On the side note, I wanted to confirm that currently I'm able to build, for testing purpose, Genotype objects and save them into a parquet file. For my example, I'm only setting the SampleId, the SampleDescription and the Variant members. Something like this: def createGenotype(idx: Int): Genotype = { return Genotype.newBuilder() .setSampleId(idx.toString()) .setSampleDescription("mySampleDescription" + idx.toString()) .setVariant(Variant.newBuilder() .setStart(idx.toLong) .setEnd(idx.toLong + 10) .build()) .build() }

Now, with SparkSQL I'm able to execute queries like this: SELECT sampleDescription FROM GenotypeTable WHERE sampleId = 20, but I can't filter the results by the variant member. I did tried something like this: SELECT Variant.end FROM GenotypeTable WHERE Variant.start = 20 but it's just not working. I spend more than 6 hours trying to figure out how this can be archive with SparkSQL. The only thing I found would be to switch to Hive and do something like this: SELECT end FROM GenotypeTable LATERAL VIEW explode(variant) v as variant WHERE start = 20. But according to the request, we must use spark.

I have to admit that this starts to go beyond my technicals capabilities. There is really not much documentations/tutorials/examples on the web on the subject (Examples are often too simple which doesn't help me to go any further). Anyway; I'm not giving up but I hope Ivan will be able to help me a little bit when I'll show him the code tomorrow.

francois-boyer commented 9 years ago

Hi @davidonlaptop, @ikizema,

I'm so happy! I managed to make it work!

I think SparkSQL is just not the right thing for more complex queries.

It's as easy as: dataFrame.filter("variant.start = 20").select("variant.start", "variant.end").show()

Now I only need to figure out if querying the data this way is efficient and also if I can get an Genotype object back...

Stay tuned!

iki-v commented 9 years ago

Bien joué @francois-boyer, exellente nouvelle ! Impatient de voir une petite demo ce soir. On va pouvoir commencer à converger nos infos et voir la big picture.

francois-boyer commented 9 years ago

Hi @rbahassi, @karim73, @ikizema, @naceurMh, @sfcwallace, @singemanator, @Aboubakary,

Ok, the example I shown yesterday is now available here: https://github.com/GELOG/example-avro-parquet-spark

I'll keep updating this example project according what we discussed yesterday:

Try to update a DataFrame
Create a new Parquet file and join two DataFrame together in order to seamlessly make queries

Stay tuned!

francois-boyer commented 9 years ago

Hi @rbahassi, @karim73, @ikizema, @naceurMh, @sfcwallace, @singemanator, @Aboubakary,

Ok, I cleaned up the code so it'll be simpler for you to understand it. I also created a Users > Messages (users sends messages to other users) example to illustrate how we can join 2 parquet files using Spark.

So, now the example can create one parquet file that contains Users and another parquet file that contains the messages. Then, there is a function who load the two parquet files and join them through a Spark DataFrame. Than, the example realize some simple queries.

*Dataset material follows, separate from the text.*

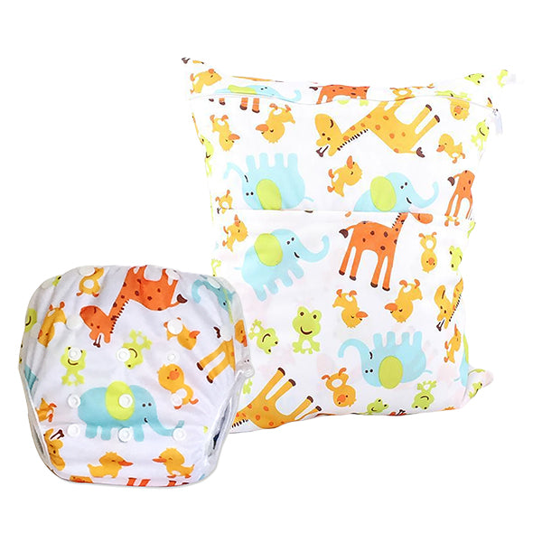 Reusable Swim Diapers and Wet Dry Diaper Bag 2 Pc Set - One Size / White Animals is backordered and will ship as soon as it is back in stock.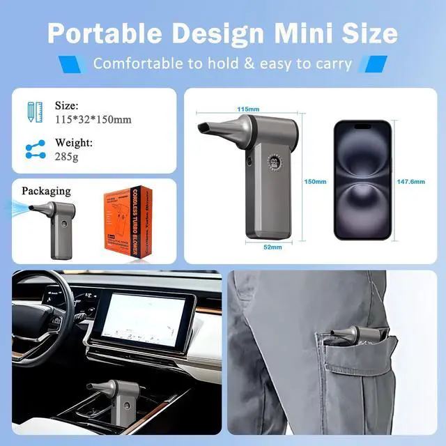 Ultra Compact & Portable Mini Air BlowerWeighs just 0.7 lbsSmall size and light weight to slip into your toolbox, tote bag, or even your pocket. Take it anywhere effortlessly for on-the-go cleaning needs without taking up too much space.

francois-boyer commented 9 years ago

Salut @davidonlaptop,

Note: "Je vais écrire ce message en français. Si cette idée est conservée, je traduirai en anglais pour la cause."

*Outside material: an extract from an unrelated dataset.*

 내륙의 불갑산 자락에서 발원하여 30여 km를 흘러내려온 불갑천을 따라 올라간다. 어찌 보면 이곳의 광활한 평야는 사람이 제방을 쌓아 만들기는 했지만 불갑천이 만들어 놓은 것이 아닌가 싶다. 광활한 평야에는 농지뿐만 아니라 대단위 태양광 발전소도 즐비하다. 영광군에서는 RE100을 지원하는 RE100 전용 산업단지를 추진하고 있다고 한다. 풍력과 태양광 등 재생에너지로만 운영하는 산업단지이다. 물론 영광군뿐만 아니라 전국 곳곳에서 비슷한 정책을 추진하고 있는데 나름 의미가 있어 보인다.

@ikizema et moi avons eu quelques discussions au sujet de Parquet et Spark au sein de notre projet et à la lumière de nos connaissances combinées, nous avons fait les constats suivant (@ikizema, tu me corrigeras si jamais je dis des bêtises) et aurions une idée à te proposer et voir si elle ferait du sens:

Le constat:

Nous sommes à modifier le format Adam pour l'adapter à nos besoins.
Une fois que la structure sera adaptée, nous serons en mesure de transférer les fichiers (.ped et .map) vers notre nouvelle structure
On sauvegarde le tout dans un fichier parquet
La seconde étape est de calculer les variances des individus et de sauvegarder les résultats au sein des données générées en 3
La troisième étape est de calculer le Genome et de sauvegarder les résultats au sein des données générées en 4.
etc.

L'enjeu ici est que nous ne pouvons pas modifier les contenus d'un fichier Parquet; c'est du read-only. Par contre on pourrait toujours loader en mémoire tous le contenu du fichier Parquet, le modifier et ensuite re-sauvegarder dans un nouveau fichier Parquet, mais on ne trouve pas que ce soit une bonne idée puisque ça affectera grandement les performances.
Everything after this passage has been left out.